§ What to do: Return the data exactly, with all pictures removed.
START Data extract
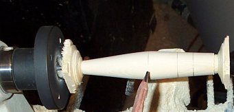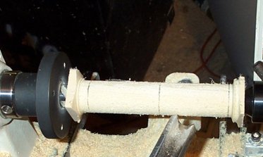 Charleston, I have two lathes. Dup is hooked up to the Jet. I turn freehand on the grizzly. The latter is what I use when working on something new. I sort of cheated for the photos  Forstner bits for the weight and swivel holes.
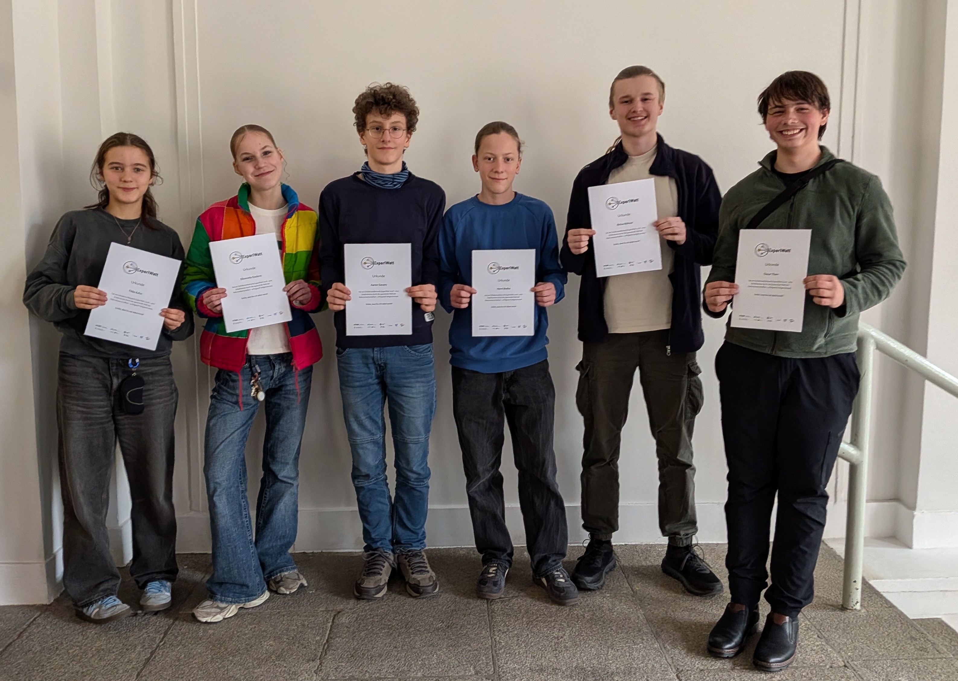 Vom 2. bis 13. März 2026 nahm unser Schulteam aus den Klassen 9b und 9c am naturwissenschaftlichen Wettbewerb ExperiWatt teil. Bei diesem Wettbewerb dreht sich alles um Energie - die Teilnehmer experimentieren an der HTWK, dem Helmholtz-Zentrum für Umweltforschung, der Universität Leipzig, dem Max-Planck-Institut für Kognitions- & Neurowissenschaften, der VDI GaraGe und der Inspirata unter anderem an Solarenergie und brennbarem Eis, konstruieren Windräder und erforschen die Energie des Denkens.
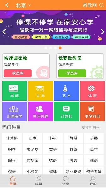 2、小编这里选择了学生,登陆后进入软件首页,用户可以看到各种相关的科目家教。
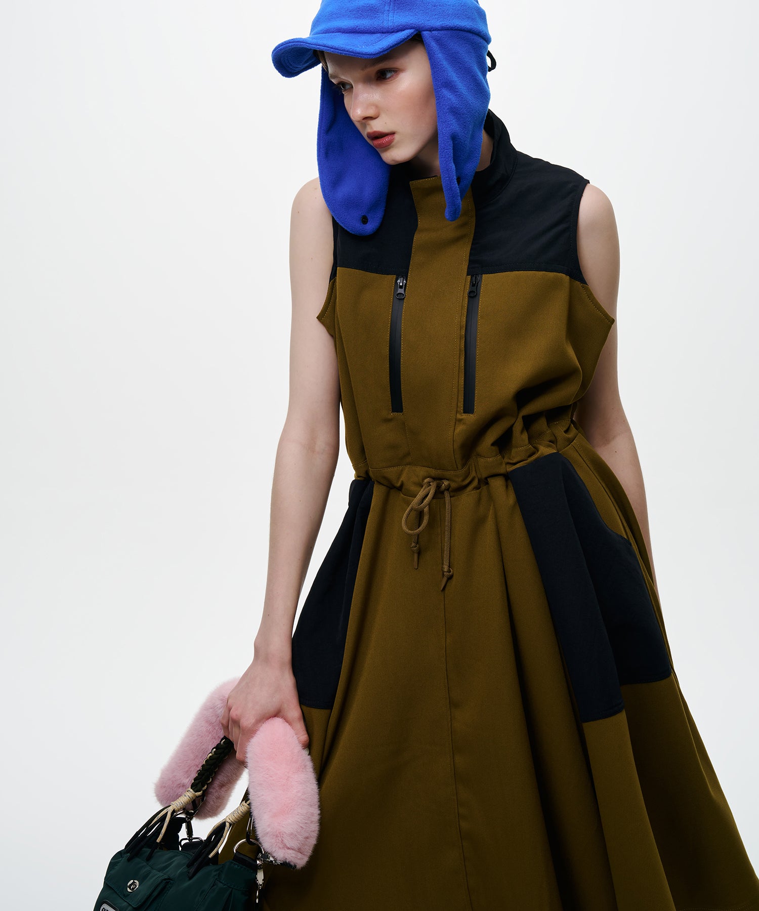 マウンテンパーカーを模した様なデザインのプルオーバーワンピース。
END Data extract
§ Answer box:
 Charleston, I have two lathes. Dup is hooked up to the Jet. I turn freehand on the grizzly. The latter is what I use when working on something new. I sort of cheated for the photos  Forstner bits for the weight and swivel holes.
 Vom 2. bis 13. März 2026 nahm unser Schulteam aus den Klassen 9b und 9c am naturwissenschaftlichen Wettbewerb ExperiWatt teil. Bei diesem Wettbewerb dreht sich alles um Energie - die Teilnehmer experimentieren an der HTWK, dem Helmholtz-Zentrum für Umweltforschung, der Universität Leipzig, dem Max-Planck-Institut für Kognitions- & Neurowissenschaften, der VDI GaraGe und der Inspirata unter anderem an Solarenergie und brennbarem Eis, konstruieren Windräder und erforschen die Energie des Denkens.
 2、小编这里选择了学生,登陆后进入软件首页,用户可以看到各种相关的科目家教。
 マウンテンパーカーを模した様なデザインのプルオーバーワンピース。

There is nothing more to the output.